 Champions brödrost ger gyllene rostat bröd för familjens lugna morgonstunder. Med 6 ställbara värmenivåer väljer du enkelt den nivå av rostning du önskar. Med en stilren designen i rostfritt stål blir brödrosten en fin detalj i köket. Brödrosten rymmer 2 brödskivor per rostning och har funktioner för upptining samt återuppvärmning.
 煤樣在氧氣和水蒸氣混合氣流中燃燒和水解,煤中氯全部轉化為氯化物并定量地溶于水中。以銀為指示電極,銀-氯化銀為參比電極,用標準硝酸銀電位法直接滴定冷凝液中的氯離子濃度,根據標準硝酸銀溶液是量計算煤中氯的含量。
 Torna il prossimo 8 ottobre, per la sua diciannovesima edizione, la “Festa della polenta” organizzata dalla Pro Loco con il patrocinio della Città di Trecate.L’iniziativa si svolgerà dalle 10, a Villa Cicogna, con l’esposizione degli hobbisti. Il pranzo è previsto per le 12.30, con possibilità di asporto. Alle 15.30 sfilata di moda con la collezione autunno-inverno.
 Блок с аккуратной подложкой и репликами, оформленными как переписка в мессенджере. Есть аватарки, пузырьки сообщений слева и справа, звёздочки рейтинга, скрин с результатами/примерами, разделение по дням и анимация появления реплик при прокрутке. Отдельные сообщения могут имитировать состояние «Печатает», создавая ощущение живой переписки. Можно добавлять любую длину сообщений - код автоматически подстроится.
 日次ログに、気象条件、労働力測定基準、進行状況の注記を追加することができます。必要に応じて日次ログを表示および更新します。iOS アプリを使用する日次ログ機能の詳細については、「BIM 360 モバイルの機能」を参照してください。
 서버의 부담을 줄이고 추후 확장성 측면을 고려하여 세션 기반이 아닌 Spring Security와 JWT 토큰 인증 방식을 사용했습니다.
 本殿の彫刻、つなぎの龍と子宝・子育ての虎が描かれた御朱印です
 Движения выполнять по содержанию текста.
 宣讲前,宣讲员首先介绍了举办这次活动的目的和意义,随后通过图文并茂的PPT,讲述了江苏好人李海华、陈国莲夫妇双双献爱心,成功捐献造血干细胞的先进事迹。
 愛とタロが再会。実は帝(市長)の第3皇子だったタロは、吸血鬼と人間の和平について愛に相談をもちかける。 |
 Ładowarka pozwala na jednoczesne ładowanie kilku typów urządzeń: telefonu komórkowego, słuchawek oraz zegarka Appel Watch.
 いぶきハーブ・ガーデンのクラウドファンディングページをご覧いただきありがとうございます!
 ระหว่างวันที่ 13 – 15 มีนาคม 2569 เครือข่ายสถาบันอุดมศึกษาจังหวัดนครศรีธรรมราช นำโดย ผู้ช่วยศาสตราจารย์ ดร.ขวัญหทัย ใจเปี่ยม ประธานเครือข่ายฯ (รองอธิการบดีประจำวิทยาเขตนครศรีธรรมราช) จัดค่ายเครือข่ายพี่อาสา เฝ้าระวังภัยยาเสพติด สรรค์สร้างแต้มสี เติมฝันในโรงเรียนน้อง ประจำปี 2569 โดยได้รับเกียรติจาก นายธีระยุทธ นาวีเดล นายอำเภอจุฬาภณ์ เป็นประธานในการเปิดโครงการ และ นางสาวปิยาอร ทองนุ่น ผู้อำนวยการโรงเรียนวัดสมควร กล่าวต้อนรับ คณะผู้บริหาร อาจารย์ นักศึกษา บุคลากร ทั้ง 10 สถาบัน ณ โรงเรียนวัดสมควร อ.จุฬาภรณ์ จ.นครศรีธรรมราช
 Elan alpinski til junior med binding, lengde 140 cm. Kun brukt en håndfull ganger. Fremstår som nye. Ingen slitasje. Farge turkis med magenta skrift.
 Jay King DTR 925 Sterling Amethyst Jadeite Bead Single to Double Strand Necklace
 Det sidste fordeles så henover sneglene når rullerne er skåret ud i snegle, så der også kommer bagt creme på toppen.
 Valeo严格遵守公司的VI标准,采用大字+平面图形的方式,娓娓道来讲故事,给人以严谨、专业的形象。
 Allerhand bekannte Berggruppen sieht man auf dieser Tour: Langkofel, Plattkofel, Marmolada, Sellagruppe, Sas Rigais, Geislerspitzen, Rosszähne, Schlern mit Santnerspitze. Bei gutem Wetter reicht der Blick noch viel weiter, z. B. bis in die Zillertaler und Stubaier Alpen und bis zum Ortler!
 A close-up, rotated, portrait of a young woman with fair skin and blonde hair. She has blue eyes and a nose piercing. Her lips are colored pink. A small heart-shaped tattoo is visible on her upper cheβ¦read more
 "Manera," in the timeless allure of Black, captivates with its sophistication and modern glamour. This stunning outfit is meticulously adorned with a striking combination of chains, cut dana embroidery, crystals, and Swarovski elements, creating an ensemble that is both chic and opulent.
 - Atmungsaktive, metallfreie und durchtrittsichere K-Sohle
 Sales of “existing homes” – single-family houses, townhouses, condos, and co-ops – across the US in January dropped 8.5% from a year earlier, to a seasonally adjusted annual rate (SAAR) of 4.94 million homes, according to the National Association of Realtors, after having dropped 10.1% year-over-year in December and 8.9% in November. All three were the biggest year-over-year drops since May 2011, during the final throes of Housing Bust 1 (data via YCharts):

###

[Work task] Give back the whole listing, word for word.

[Solved problem]
 Champions brödrost ger gyllene rostat bröd för familjens lugna morgonstunder. Med 6 ställbara värmenivåer väljer du enkelt den nivå av rostning du önskar. Med en stilren designen i rostfritt stål blir brödrosten en fin detalj i köket. Brödrosten rymmer 2 brödskivor per rostning och har funktioner för upptining samt återuppvärmning.
 煤樣在氧氣和水蒸氣混合氣流中燃燒和水解,煤中氯全部轉化為氯化物并定量地溶于水中。以銀為指示電極,銀-氯化銀為參比電極,用標準硝酸銀電位法直接滴定冷凝液中的氯離子濃度,根據標準硝酸銀溶液是量計算煤中氯的含量。
 Torna il prossimo 8 ottobre, per la sua diciannovesima edizione, la “Festa della polenta” organizzata dalla Pro Loco con il patrocinio della Città di Trecate.L’iniziativa si svolgerà dalle 10, a Villa Cicogna, con l’esposizione degli hobbisti. Il pranzo è previsto per le 12.30, con possibilità di asporto. Alle 15.30 sfilata di moda con la collezione autunno-inverno.
 Блок с аккуратной подложкой и репликами, оформленными как переписка в мессенджере. Есть аватарки, пузырьки сообщений слева и справа, звёздочки рейтинга, скрин с результатами/примерами, разделение по дням и анимация появления реплик при прокрутке. Отдельные сообщения могут имитировать состояние «Печатает», создавая ощущение живой переписки. Можно добавлять любую длину сообщений - код автоматически подстроится.
 日次ログに、気象条件、労働力測定基準、進行状況の注記を追加することができます。必要に応じて日次ログを表示および更新します。iOS アプリを使用する日次ログ機能の詳細については、「BIM 360 モバイルの機能」を参照してください。
 서버의 부담을 줄이고 추후 확장성 측면을 고려하여 세션 기반이 아닌 Spring Security와 JWT 토큰 인증 방식을 사용했습니다.
 本殿の彫刻、つなぎの龍と子宝・子育ての虎が描かれた御朱印です
 Движения выполнять по содержанию текста.
 宣讲前,宣讲员首先介绍了举办这次活动的目的和意义,随后通过图文并茂的PPT,讲述了江苏好人李海华、陈国莲夫妇双双献爱心,成功捐献造血干细胞的先进事迹。
 愛とタロが再会。実は帝(市長)の第3皇子だったタロは、吸血鬼と人間の和平について愛に相談をもちかける。 |
 Ładowarka pozwala na jednoczesne ładowanie kilku typów urządzeń: telefonu komórkowego, słuchawek oraz zegarka Appel Watch.
 いぶきハーブ・ガーデンのクラウドファンディングページをご覧いただきありがとうございます!
 ระหว่างวันที่ 13 – 15 มีนาคม 2569 เครือข่ายสถาบันอุดมศึกษาจังหวัดนครศรีธรรมราช นำโดย ผู้ช่วยศาสตราจารย์ ดร.ขวัญหทัย ใจเปี่ยม ประธานเครือข่ายฯ (รองอธิการบดีประจำวิทยาเขตนครศรีธรรมราช) จัดค่ายเครือข่ายพี่อาสา เฝ้าระวังภัยยาเสพติด สรรค์สร้างแต้มสี เติมฝันในโรงเรียนน้อง ประจำปี 2569 โดยได้รับเกียรติจาก นายธีระยุทธ นาวีเดล นายอำเภอจุฬาภณ์ เป็นประธานในการเปิดโครงการ และ นางสาวปิยาอร ทองนุ่น ผู้อำนวยการโรงเรียนวัดสมควร กล่าวต้อนรับ คณะผู้บริหาร อาจารย์ นักศึกษา บุคลากร ทั้ง 10 สถาบัน ณ โรงเรียนวัดสมควร อ.จุฬาภรณ์ จ.นครศรีธรรมราช
 Elan alpinski til junior med binding, lengde 140 cm. Kun brukt en håndfull ganger. Fremstår som nye. Ingen slitasje. Farge turkis med magenta skrift.
 Jay King DTR 925 Sterling Amethyst Jadeite Bead Single to Double Strand Necklace
 Det sidste fordeles så henover sneglene når rullerne er skåret ud i snegle, så der også kommer bagt creme på toppen.
 Valeo严格遵守公司的VI标准,采用大字+平面图形的方式,娓娓道来讲故事,给人以严谨、专业的形象。
 Allerhand bekannte Berggruppen sieht man auf dieser Tour: Langkofel, Plattkofel, Marmolada, Sellagruppe, Sas Rigais, Geislerspitzen, Rosszähne, Schlern mit Santnerspitze. Bei gutem Wetter reicht der Blick noch viel weiter, z. B. bis in die Zillertaler und Stubaier Alpen und bis zum Ortler!
 A close-up, rotated, portrait of a young woman with fair skin and blonde hair. She has blue eyes and a nose piercing. Her lips are colored pink. A small heart-shaped tattoo is visible on her upper cheβ¦read more
 "Manera," in the timeless allure of Black, captivates with its sophistication and modern glamour. This stunning outfit is meticulously adorned with a striking combination of chains, cut dana embroidery, crystals, and Swarovski elements, creating an ensemble that is both chic and opulent.
 - Atmungsaktive, metallfreie und durchtrittsichere K-Sohle
 Sales of “existing homes” – single-family houses, townhouses, condos, and co-ops – across the US in January dropped 8.5% from a year earlier, to a seasonally adjusted annual rate (SAAR) of 4.94 million homes, according to the National Association of Realtors, after having dropped 10.1% year-over-year in December and 8.9% in November. All three were the biggest year-over-year drops since May 2011, during the final throes of Housing Bust 1 (data via YCharts):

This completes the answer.